Greenpeace wants oceans protected

A Greenpeace report, published to coincide with a U.N. meeting in Brazil on biodiversity, said that 40 percent of the world’s oceans should be placed in nature reserves.

Just 0.6 percent of the oceans are protected reserves at present, compared with 12 percent of the world’s land, according to U.N. data.

While that protection is put in place, trawling along the ocean bottom should be banned, Greenpeace said.

"An immediate U.N. moratorium on high seas bottom ?rawling is essential to stop the destruction of deep-sea life whilst a global network of marine reserves is established," professor Callum Roberts of York University said in a Greenpeace statement.

The U.N. meeting in Curitiba, Brazil, which lasts until the end of March, will discuss ways to expand protection both on land and at sea to slow the accelerating rate of extinction of animals and plants caused by human activities.

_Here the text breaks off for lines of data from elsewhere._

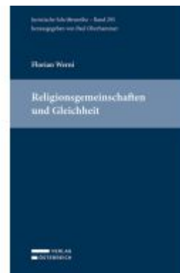
Religionsgemeinschaften und Gleichheit Ladenpreis: 145,00EUR
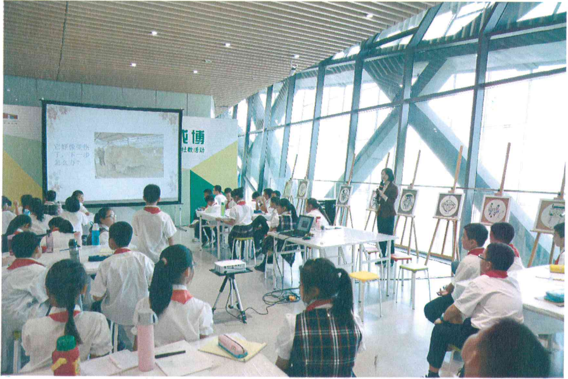
2019年 水与成都——石犀主题学生团队研学活动
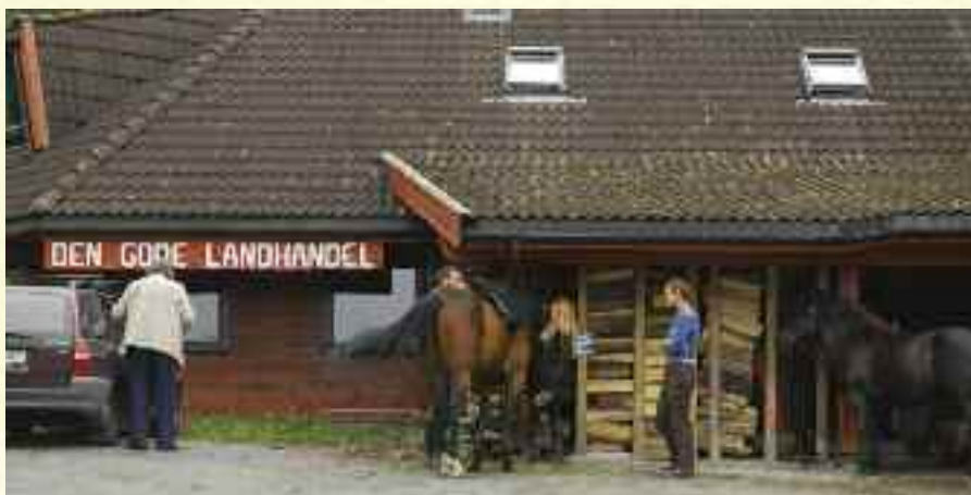
Butikken på Solborg.

Opgavene mine var å telle penger, ta imot og sette inn Helios varer,
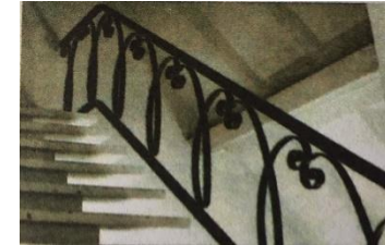
Escalier montant au clocher
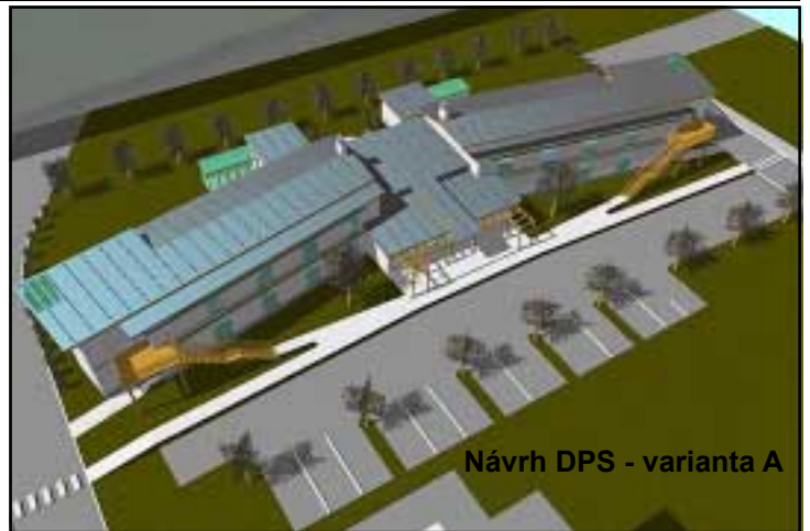
Návrh DPS - varianta A
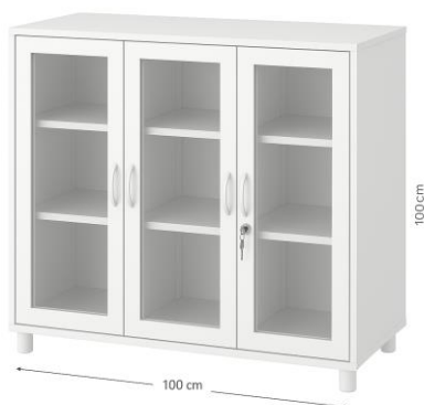
Zdjęcie poglądowe z Internetu
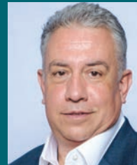
■ Σελ. 24

«Προχωράμε μαζί, κάθε μέρα και ένα βήμα μπροστά»
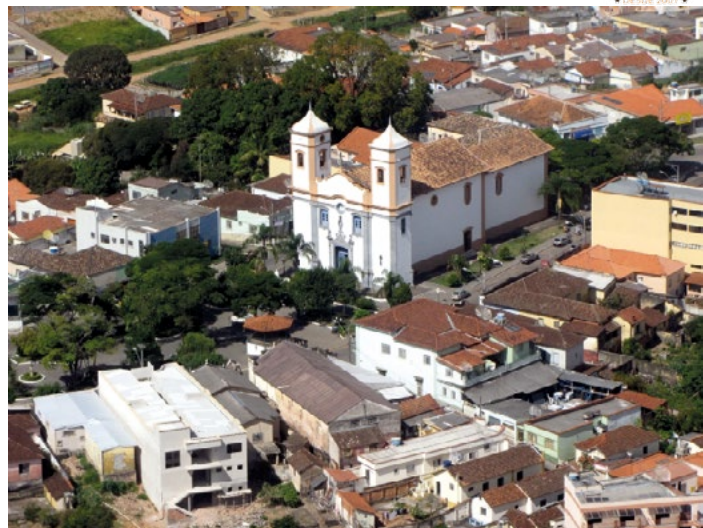
Vista aérea do Centro

Em divisão administrativa referente ao ano de 1933, o município constituído de 5 distritos: Bom sucesso, Santo Antonio do Amparo, Ibituruna (ex-São Gonçalo de Ibituruna, São Tiago e Macaia.

The meeting will discuss the principle of extending marine protection, but will not reach a formal agreement.

The United States is not a signatory to the Convention on Biological Diversity, an international conservation agreement signed by the 188 countries which are meeting in Brazil.

Greenpeace also urged better protection of forests, saying its satellite maps showed that intact forests covered less than 10 percent of the world’s land area, threatening thousands of species of animals and plants.